## Problem to solve
Please repeat the lines below, exactly and only, from the one that holds "เหรียญจอมจักรพรรดิ์ ( พิมพ์ใหญ่" through the one that holds "Hier lohnt sich".

## Records shown
=== Section Start ===
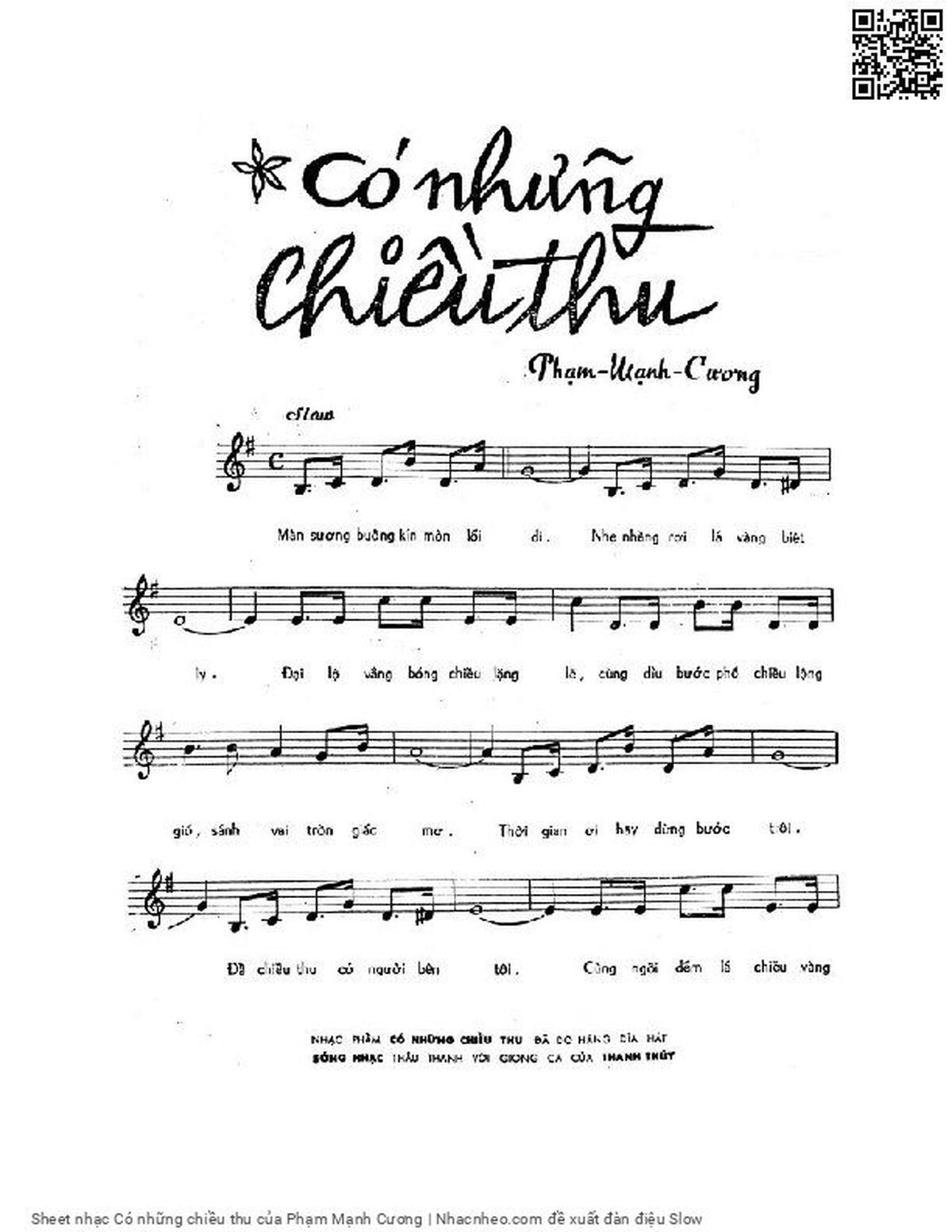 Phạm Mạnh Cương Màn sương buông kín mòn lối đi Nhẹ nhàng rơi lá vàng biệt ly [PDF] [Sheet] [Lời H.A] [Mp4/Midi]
=== Section End ===
=== Section Start ===
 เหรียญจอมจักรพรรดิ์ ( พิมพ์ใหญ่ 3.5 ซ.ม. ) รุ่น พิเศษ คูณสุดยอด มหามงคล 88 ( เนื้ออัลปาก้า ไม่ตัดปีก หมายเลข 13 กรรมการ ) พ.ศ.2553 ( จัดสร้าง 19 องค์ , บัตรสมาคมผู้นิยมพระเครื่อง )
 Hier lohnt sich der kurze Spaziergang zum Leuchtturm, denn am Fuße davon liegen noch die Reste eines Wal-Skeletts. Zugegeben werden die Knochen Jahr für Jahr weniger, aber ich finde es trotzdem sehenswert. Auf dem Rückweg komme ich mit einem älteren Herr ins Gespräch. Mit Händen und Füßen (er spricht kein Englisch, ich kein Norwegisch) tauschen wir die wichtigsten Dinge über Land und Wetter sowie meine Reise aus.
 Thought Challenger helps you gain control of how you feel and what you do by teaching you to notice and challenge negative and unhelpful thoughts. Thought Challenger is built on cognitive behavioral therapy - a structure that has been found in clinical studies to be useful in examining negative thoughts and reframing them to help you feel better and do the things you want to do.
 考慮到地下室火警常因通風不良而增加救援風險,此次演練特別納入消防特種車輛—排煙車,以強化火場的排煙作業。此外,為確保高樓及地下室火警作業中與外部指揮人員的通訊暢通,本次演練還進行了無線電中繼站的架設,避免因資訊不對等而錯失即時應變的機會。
=== Section End ===
## Answer for the task
 เหรียญจอมจักรพรรดิ์ ( พิมพ์ใหญ่ 3.5 ซ.ม. ) รุ่น พิเศษ คูณสุดยอด มหามงคล 88 ( เนื้ออัลปาก้า ไม่ตัดปีก หมายเลข 13 กรรมการ ) พ.ศ.2553 ( จัดสร้าง 19 องค์ , บัตรสมาคมผู้นิยมพระเครื่อง )
 Hier lohnt sich der kurze Spaziergang zum Leuchtturm, denn am Fuße davon liegen noch die Reste eines Wal-Skeletts. Zugegeben werden die Knochen Jahr für Jahr weniger, aber ich finde es trotzdem sehenswert. Auf dem Rückweg komme ich mit einem älteren Herr ins Gespräch. Mit Händen und Füßen (er spricht kein Englisch, ich kein Norwegisch) tauschen wir die wichtigsten Dinge über Land und Wetter sowie meine Reise aus.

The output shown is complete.